At present, tools such as AntMonitor and Tars have helped us scan out SQL that consumes a lot of time and CPU. You can adjust the query logic according to the execution plan. Frequent queries on a small amount of data can make good use of indexes. Of course, building too many indexes also has storage costs. For businesses that insert and delete frequently, you should also consider reducing unnecessary index designs.

2.4 Design of sub warehouse and sub table

With the growth of business, if the number of nodes in the cluster is too large, it will eventually reach the database connection limit. As a result, the number of nodes in the cluster is limited by the number of database connections, and the cluster nodes cannot continue to increase and expand, and cannot cope with the continuous growth of business traffic; This is one of the reasons why Ant does LDC architecture. It does horizontal splitting and expansion in the business layer, so that nodes in each cell only access the database corresponding to the current node.

2.5 Avoid a large number of table JOINs

JOIN is prohibited for more than three tables in the Alibaba coding specification, because the Cartesian product calculation of three tables will lead to a geometric increase in operation complexity. When JOIN multiple tables, ensure that the associated fields have indexes.

If you want to cascade some data in business, you can properly perform nested queries and calculations in memory according to the primary key. For the pipeline table with very frequent operations, it is recommended to make some fields redundant to exchange space complexity for time complexity.

2.6 Reduce a lot of time-consuming calculations in the business flow table

Business records sometimes perform count operations. For statistics and calculations that do not require high timeliness, it is recommended that regular tasks perform calculations in the low peak period of the business, and then save the calculation results in the cache.

It is recommended to use offline tables for Map Reduce calculation when multiple tables JOIN are involved, and then return the calculation results to online tables for display.

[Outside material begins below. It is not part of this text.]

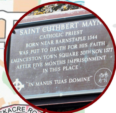
LAUNCESTON CASTLE DUNGEON

2.5 Data Expiration Policy

When the data volume of a table is too large, if partial scanning is not performed according to the index and date, and full table scanning occurs, the query performance of the DB will be greatly affected. It is recommended to design a reasonable data expiration strategy. Historical data should be regularly placed in the history table, or copied to the offline table, to reduce the online storage of large amounts of data.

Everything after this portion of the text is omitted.